§ PROBLEM TO SOLVE
Any pictures in the records below must be left out when you repeat the lines from the line containing "- zabudowa kuchenna" through the line containing "站在西班牙維亞維勒(Viavelez)海邊的人們,舉起相機拍下白色巨浪。" exactly.

§ SUPPLIED DATA
+++++

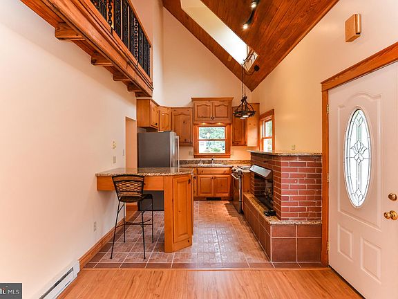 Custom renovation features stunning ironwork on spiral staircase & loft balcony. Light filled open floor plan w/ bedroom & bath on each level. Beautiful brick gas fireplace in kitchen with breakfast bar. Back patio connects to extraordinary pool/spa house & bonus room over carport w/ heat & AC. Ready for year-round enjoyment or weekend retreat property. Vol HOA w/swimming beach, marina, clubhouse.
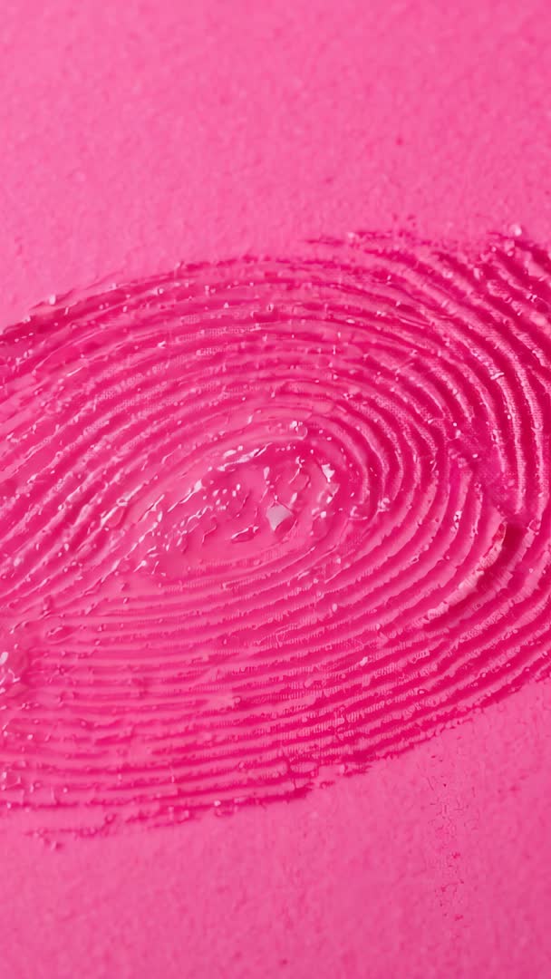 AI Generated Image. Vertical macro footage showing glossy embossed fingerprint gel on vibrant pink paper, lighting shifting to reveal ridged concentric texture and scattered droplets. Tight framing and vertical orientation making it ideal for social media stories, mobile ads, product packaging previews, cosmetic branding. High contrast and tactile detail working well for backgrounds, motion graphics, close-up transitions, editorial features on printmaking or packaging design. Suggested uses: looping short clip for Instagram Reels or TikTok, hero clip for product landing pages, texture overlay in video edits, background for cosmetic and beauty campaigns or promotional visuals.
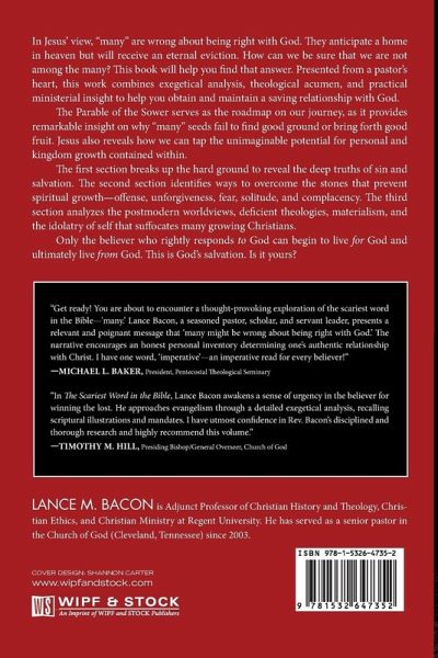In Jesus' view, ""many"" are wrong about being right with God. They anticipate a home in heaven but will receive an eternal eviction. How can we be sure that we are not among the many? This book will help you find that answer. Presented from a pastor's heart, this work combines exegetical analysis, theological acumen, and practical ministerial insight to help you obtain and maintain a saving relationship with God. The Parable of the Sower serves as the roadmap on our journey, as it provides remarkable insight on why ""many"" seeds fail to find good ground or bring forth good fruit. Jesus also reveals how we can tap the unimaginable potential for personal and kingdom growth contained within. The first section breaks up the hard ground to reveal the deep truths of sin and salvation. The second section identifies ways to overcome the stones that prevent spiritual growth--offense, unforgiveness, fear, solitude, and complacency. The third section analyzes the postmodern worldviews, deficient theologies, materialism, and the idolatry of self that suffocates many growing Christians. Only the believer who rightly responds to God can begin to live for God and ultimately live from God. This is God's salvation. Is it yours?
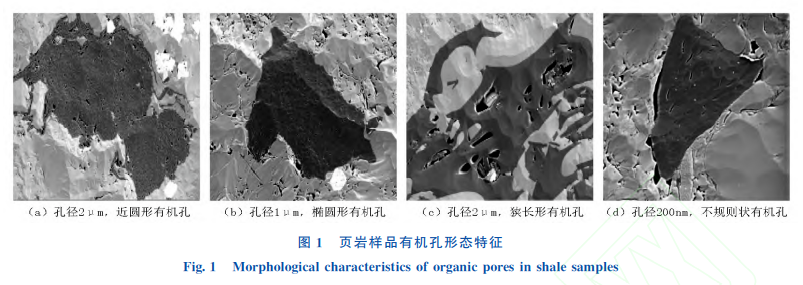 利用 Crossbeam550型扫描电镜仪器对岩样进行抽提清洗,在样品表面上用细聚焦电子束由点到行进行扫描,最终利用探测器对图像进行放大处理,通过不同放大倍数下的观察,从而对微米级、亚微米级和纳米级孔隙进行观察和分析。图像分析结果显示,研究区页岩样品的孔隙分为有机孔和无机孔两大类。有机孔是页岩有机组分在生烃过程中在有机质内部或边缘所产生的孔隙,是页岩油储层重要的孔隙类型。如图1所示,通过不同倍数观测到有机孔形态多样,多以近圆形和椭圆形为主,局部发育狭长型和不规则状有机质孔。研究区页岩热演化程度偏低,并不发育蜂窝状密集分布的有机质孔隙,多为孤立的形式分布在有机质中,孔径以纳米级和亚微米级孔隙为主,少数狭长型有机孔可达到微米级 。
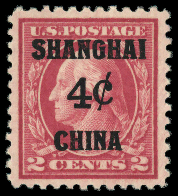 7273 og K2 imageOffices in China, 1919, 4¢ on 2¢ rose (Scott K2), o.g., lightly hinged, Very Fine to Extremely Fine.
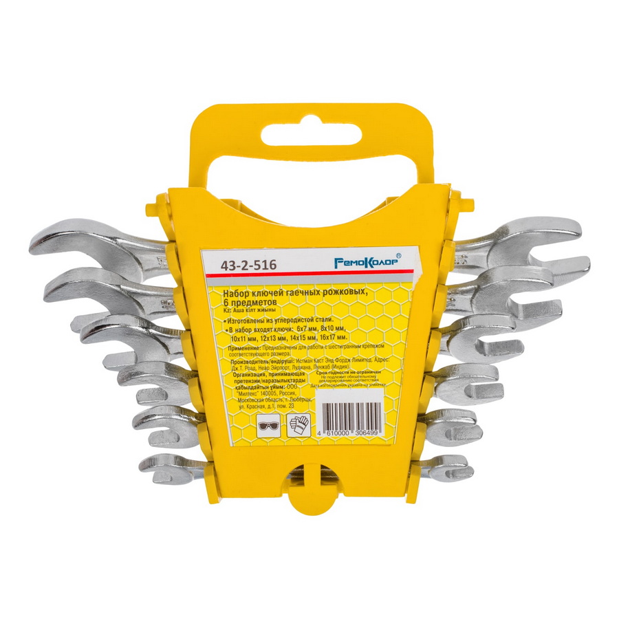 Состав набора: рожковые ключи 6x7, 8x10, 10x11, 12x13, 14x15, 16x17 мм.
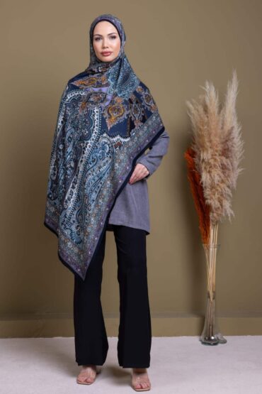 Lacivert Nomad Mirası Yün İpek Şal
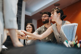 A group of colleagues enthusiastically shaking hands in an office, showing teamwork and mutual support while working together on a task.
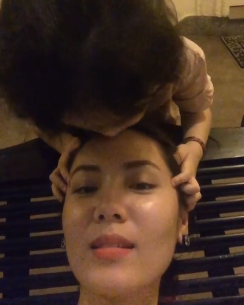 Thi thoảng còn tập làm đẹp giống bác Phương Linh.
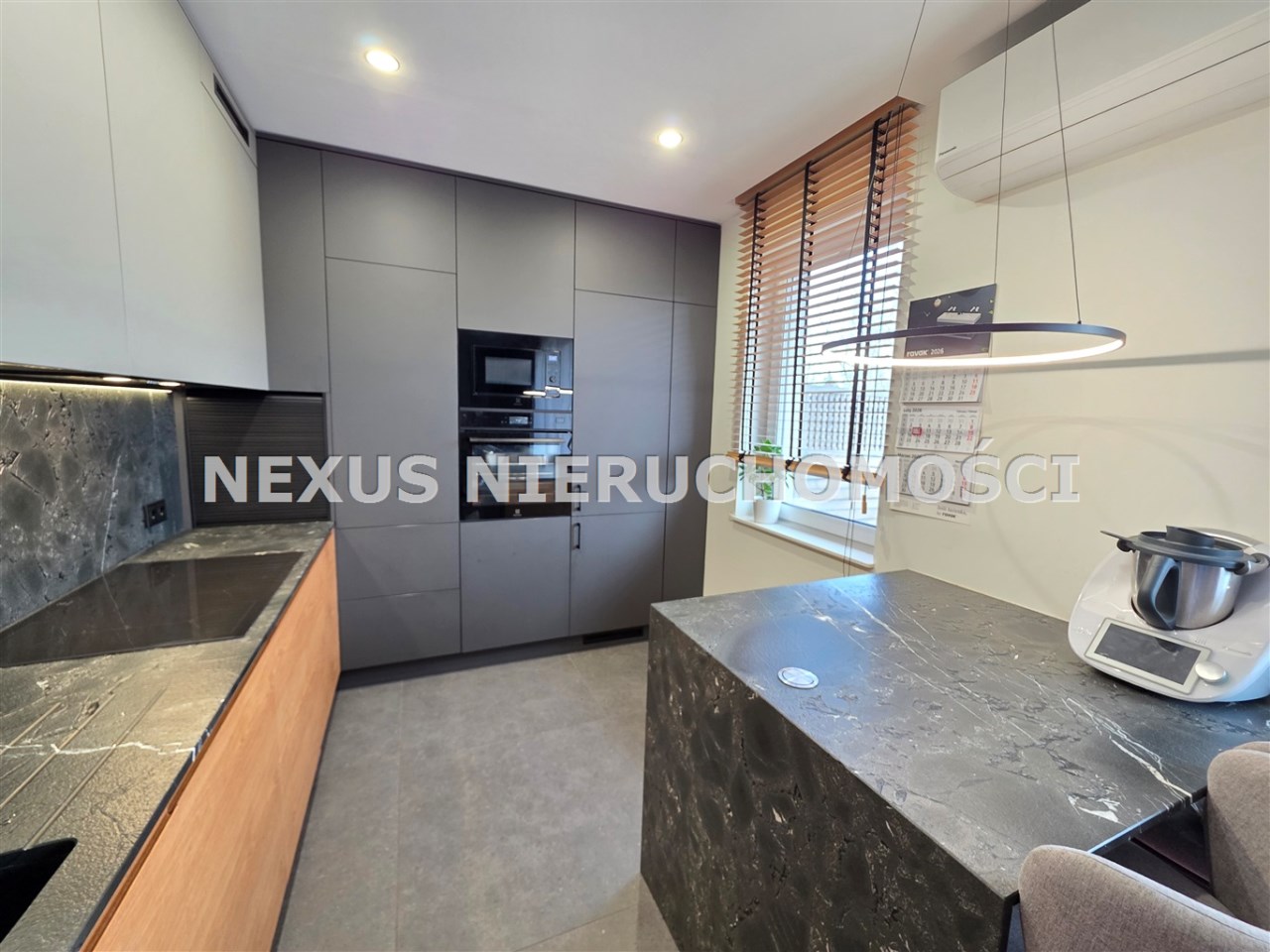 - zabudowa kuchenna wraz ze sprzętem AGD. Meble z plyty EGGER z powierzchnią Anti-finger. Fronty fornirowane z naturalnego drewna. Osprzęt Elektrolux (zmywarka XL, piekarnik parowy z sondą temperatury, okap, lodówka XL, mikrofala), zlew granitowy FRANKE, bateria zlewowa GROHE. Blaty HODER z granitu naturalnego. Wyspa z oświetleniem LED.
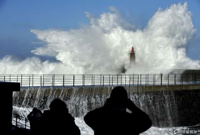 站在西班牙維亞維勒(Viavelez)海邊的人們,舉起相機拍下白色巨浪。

+++++

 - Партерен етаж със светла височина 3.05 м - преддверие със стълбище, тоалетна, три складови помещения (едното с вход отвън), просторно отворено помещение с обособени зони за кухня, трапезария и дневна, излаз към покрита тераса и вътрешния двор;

+++++

§ RESPONSE
 - zabudowa kuchenna wraz ze sprzętem AGD. Meble z plyty EGGER z powierzchnią Anti-finger. Fronty fornirowane z naturalnego drewna. Osprzęt Elektrolux (zmywarka XL, piekarnik parowy z sondą temperatury, okap, lodówka XL, mikrofala), zlew granitowy FRANKE, bateria zlewowa GROHE. Blaty HODER z granitu naturalnego. Wyspa z oświetleniem LED.
 站在西班牙維亞維勒(Viavelez)海邊的人們,舉起相機拍下白色巨浪。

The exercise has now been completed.